[What is being asked] Pictures stay out. Extract the lines below from the first one through the line with "Given the amount", both included.

[Supplied data]
= = = =

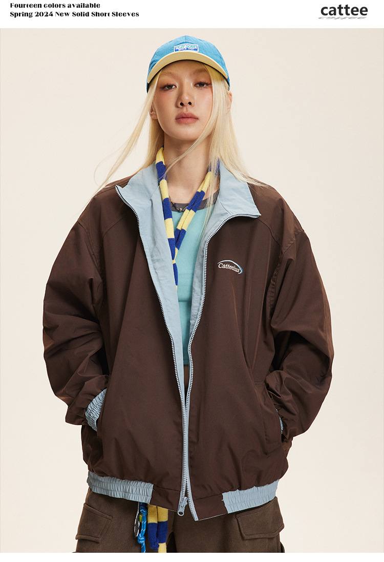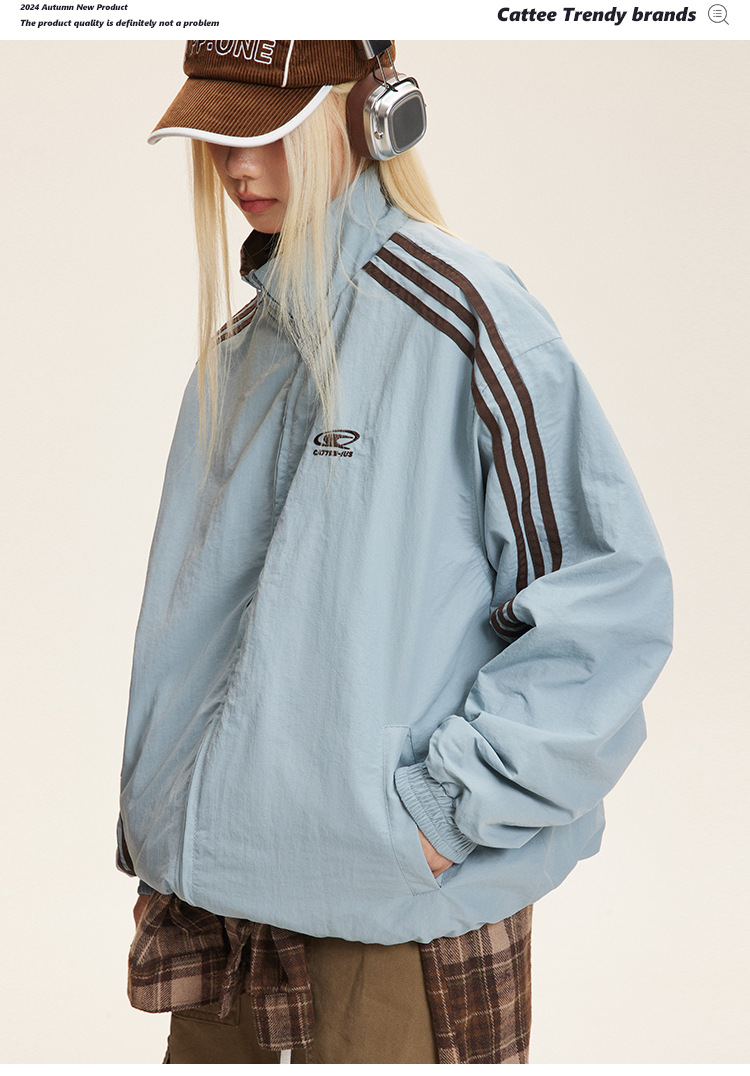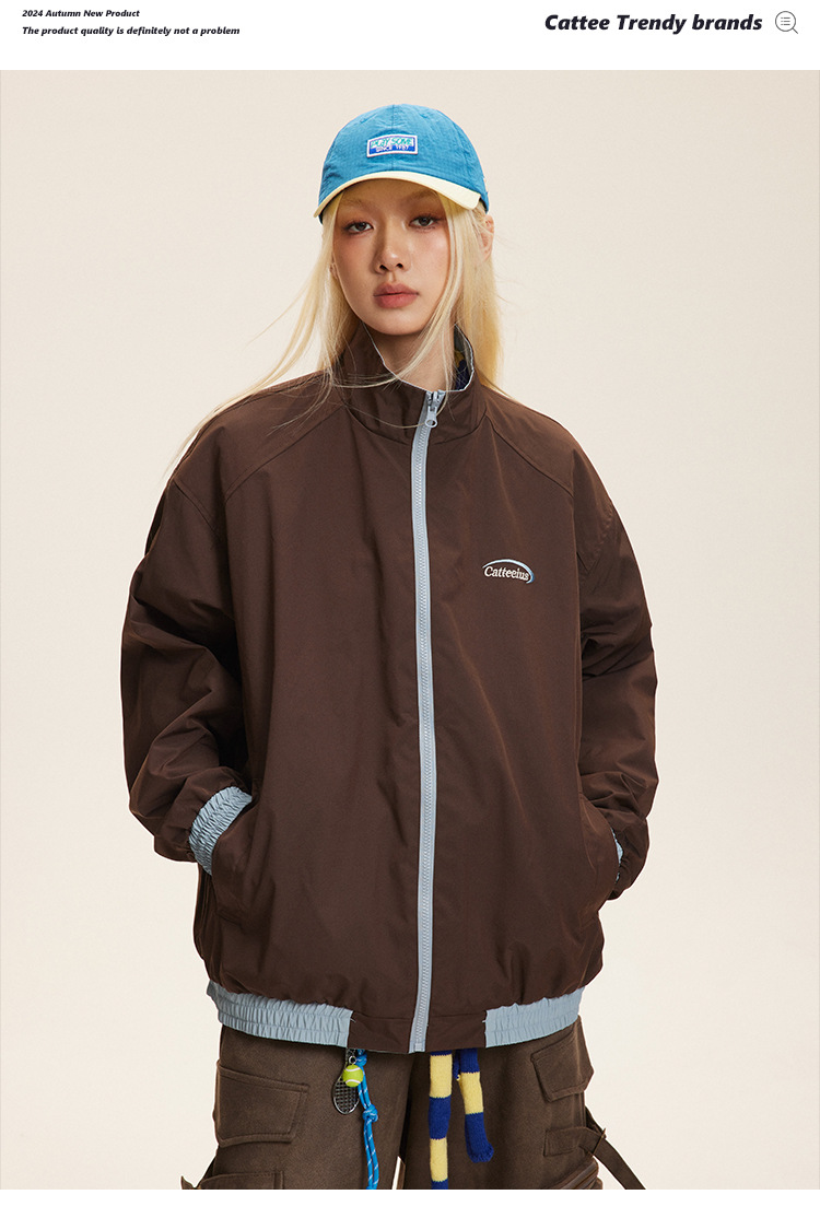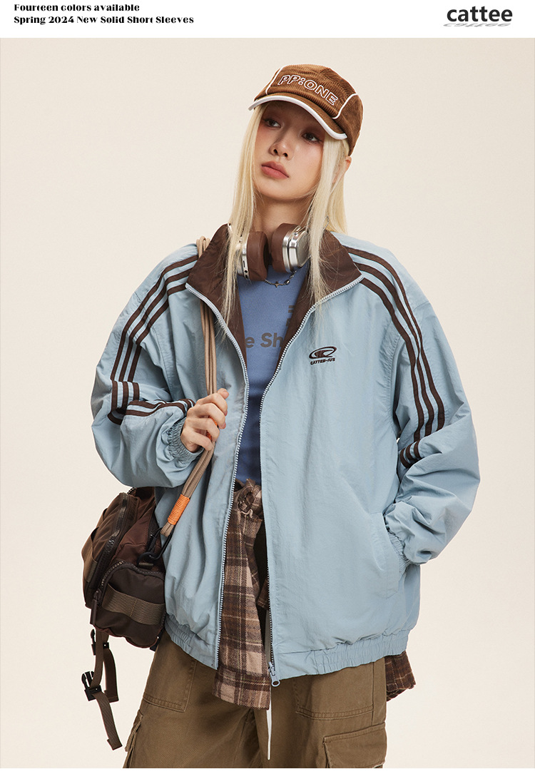 CATTEE 더블 착용 세 개의 바 대비 컬러 칼라 재킷 남성 봄과 가을 느슨한 캐주얼 커플 재킷 여성
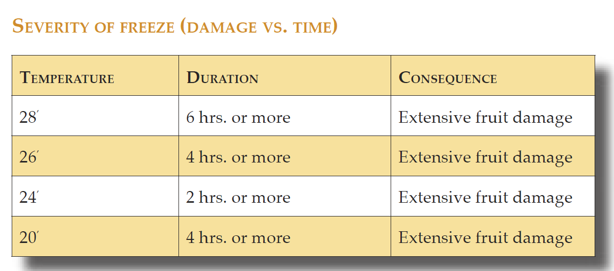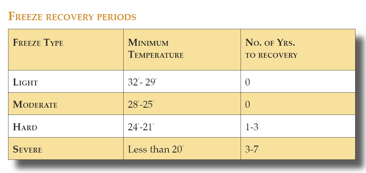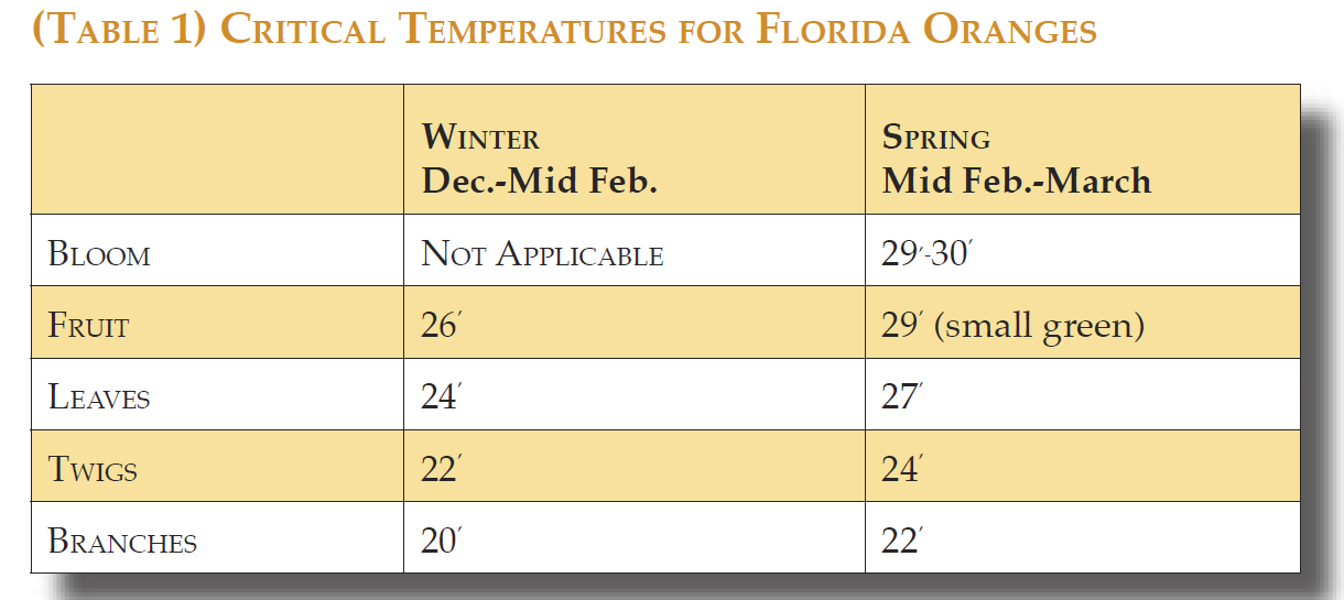 Nedanstående tabeller visar vilken påverkan frost kan komma att ha på apelsinodlingarna i Florida.
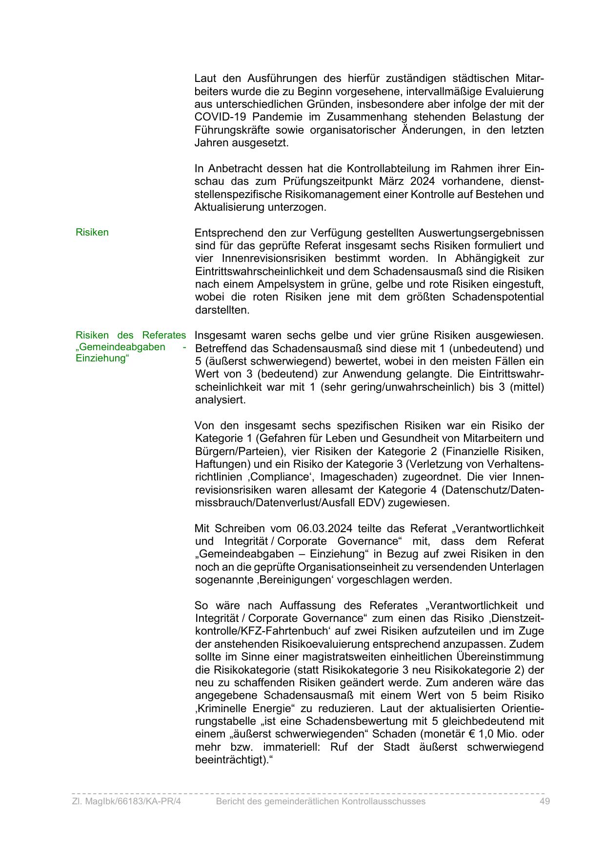 „Gemeindeabgaben – Einziehung“ in Bezug auf zwei Risiken in den
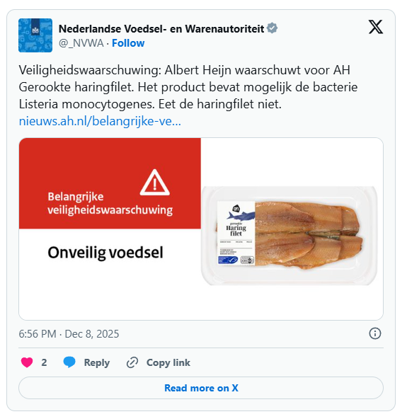 Albert Heijn roept klanten met klem op om een bepaalde haringfilet thuis niet meer te eten. In het product is mogelijk de bacterie Listeria monocytogenes aangetroffen, een ziekteverwekker die in ernstige gevallen levensgevaarlijk kan zijn. Zowel de supermarktketen als de Nederlandse Voedsel- en Warenautoriteit (NVWA) benadrukken: niet consumeren.
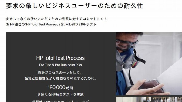 米国国防総省のMIL規格に準拠しているほか、HP独自のHP Total Test Processをパスしており、高い堅牢性を確保。
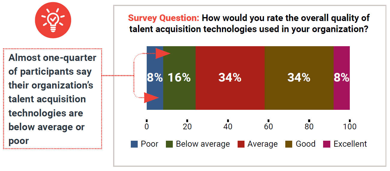 Given the amount of attention talent acquisition technologies have received in the past decade, one might hope that by now most companies would feel positively about their systems. Unfortunately, that’s not the case. Only 42% of respondents describe their talent acquisition technologies as good or excellent.
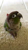 Year and a half old female Greek cheek conure. Currently recovering from a bout of clipping her breast and shoulder feathers, so there is some grey fluff with a few red feathers in her breast, rather than a full coverage. Last seen at the top of a very, very tall tree, seemingly hanging difficulty flying down. Wings are not clipped. She has a band, but I do not have the ID on hand. Will get it from her avian vet, and supply the number for ID.
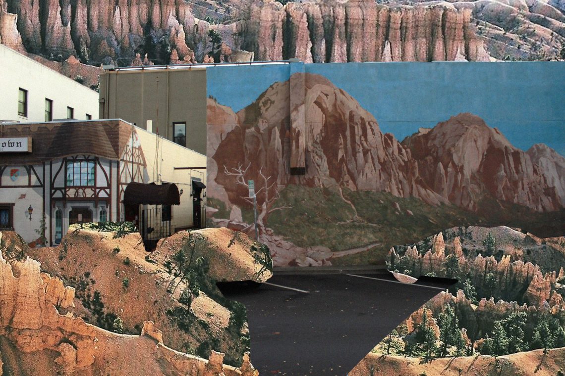This piece combines a photograph taken of a mural in Palo Alto with a vintage National Geographic photograph of the same location.
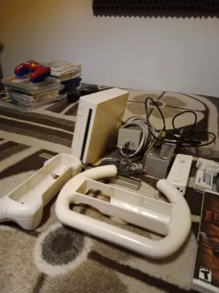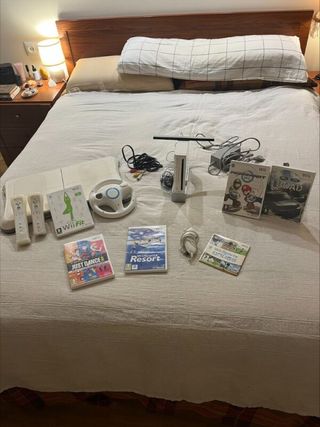Vendo Nintendo Wii original en perfectas condiciones de funcionamiento. Ha tenido uso, pero está muy bien cuidada, sin defectos ni fallos. Ideal para jugar en familia o revivir los clásicos de Nintendo. 🔌 Incluye todos los cables necesarios y la cámara/sensor de movimiento para colocar en la televisión. 📦 Contenido del lote: -Consola Nintendo Wii -2 mandos Wii -1 mando accesorio adicional -Volante para Mario Kart -Tabla Wii Fit -Sensor de movimiento para TV 🎮Juegos incluidos: -Mario Kart Wii -Off Road -Wii Sports Resort -Wii Fit ✅ Todo funciona perfectamente
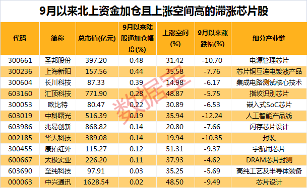 梳理发现,芯片股年内整体表现较好,但9月以来普遍回调,这与美国的打压有一定关系。数据宝统计显示,9月以来跑输大盘且获北上资金加仓,股价上涨空间超10%的芯片股仅有12只,包括市值超千亿的中兴通讯、超850亿的兆易创新等。
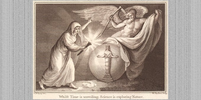 This intriguing image shows science personified as a woman, illuminating nature with her light. Museum ticket from late eighteenth century. Engraving by William Skelton (1763–1848), symbolizing knowledge of the natural world. Source: https://t.co/24UmOGxyZU
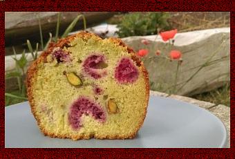 Voici une recette avec des fruits de saison, le Cake sans gluten pistache framboises !
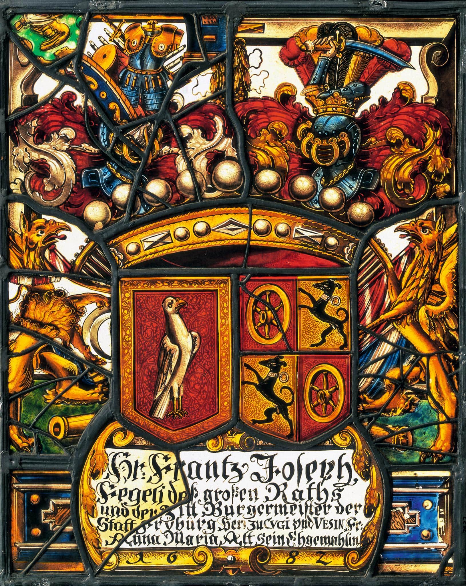 Stifterinschrift: Hr: Fr[antz Joseph] / Fegeli de[ß großen Raths] / und der [Zitt Burgermeister der] / Statt [Frÿburg, Herr zu Cvgi vnd Vesin, Fr:] / A[nna Maria Alt sein Ehgemahlin / 1682.] [ergänzt].
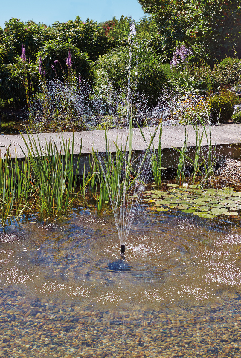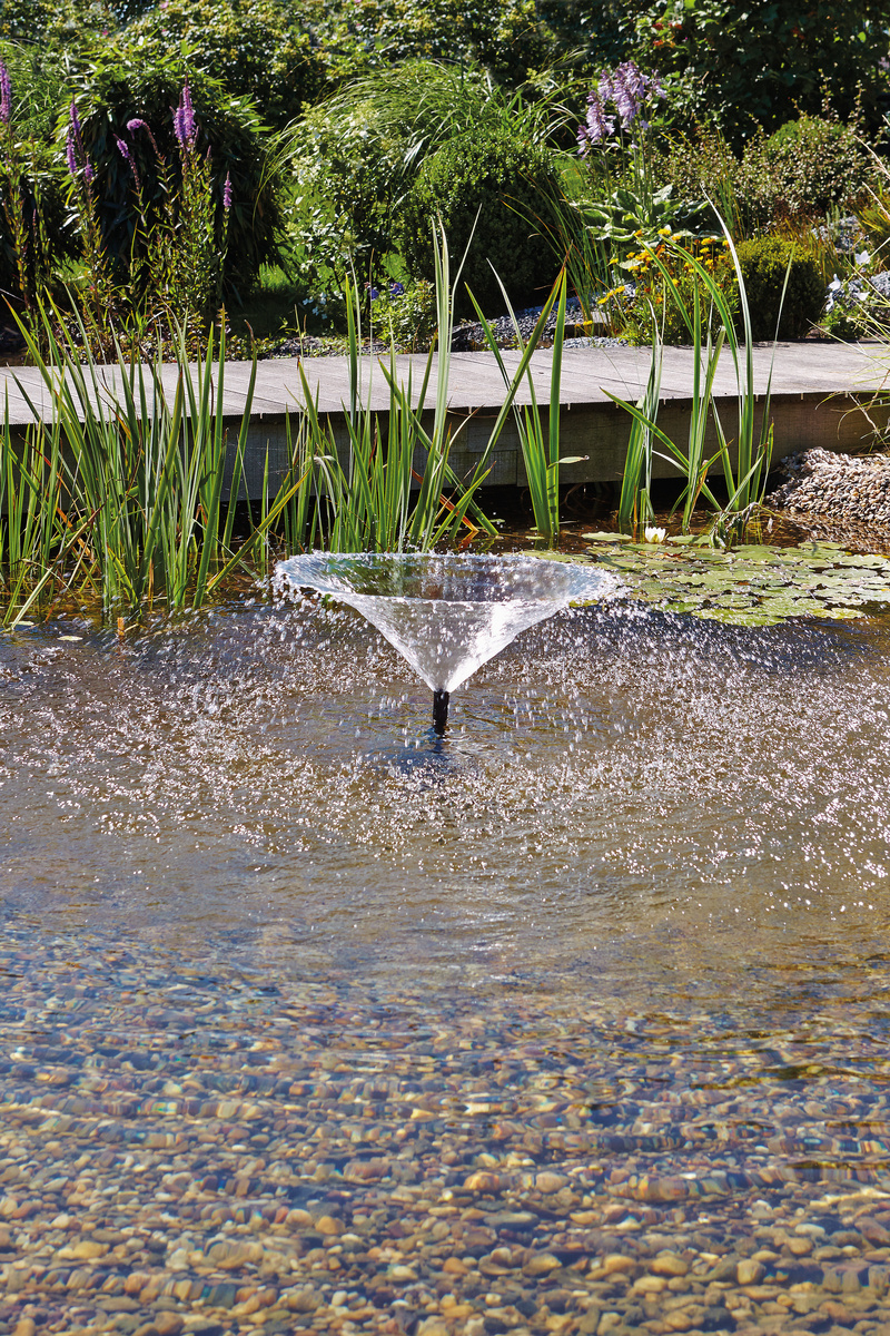 De geïntegreerde vijverpomp levert 1000 liter per uur bij een energiezuinig verbruik van 20 watt. Een draaibare telescoopverlenging maakt het mogelijk om de fonteinhoogte aan te passen aan je wensen, en je kunt kiezen uit vier verschillende fonteinopzetstukken (vulkaan, jets, bel en bokaal) voor een speels of rustgevend waterbeeld.

= = = =

[Solution to the exercise]
 CATTEE 더블 착용 세 개의 바 대비 컬러 칼라 재킷 남성 봄과 가을 느슨한 캐주얼 커플 재킷 여성
 Nedanstående tabeller visar vilken påverkan frost kan komma att ha på apelsinodlingarna i Florida.
 „Gemeindeabgaben – Einziehung“ in Bezug auf zwei Risiken in den
 Albert Heijn roept klanten met klem op om een bepaalde haringfilet thuis niet meer te eten. In het product is mogelijk de bacterie Listeria monocytogenes aangetroffen, een ziekteverwekker die in ernstige gevallen levensgevaarlijk kan zijn. Zowel de supermarktketen als de Nederlandse Voedsel- en Warenautoriteit (NVWA) benadrukken: niet consumeren.
 米国国防総省のMIL規格に準拠しているほか、HP独自のHP Total Test Processをパスしており、高い堅牢性を確保。
 Given the amount of attention talent acquisition technologies have received in the past decade, one might hope that by now most companies would feel positively about their systems. Unfortunately, that’s not the case. Only 42% of respondents describe their talent acquisition technologies as good or excellent.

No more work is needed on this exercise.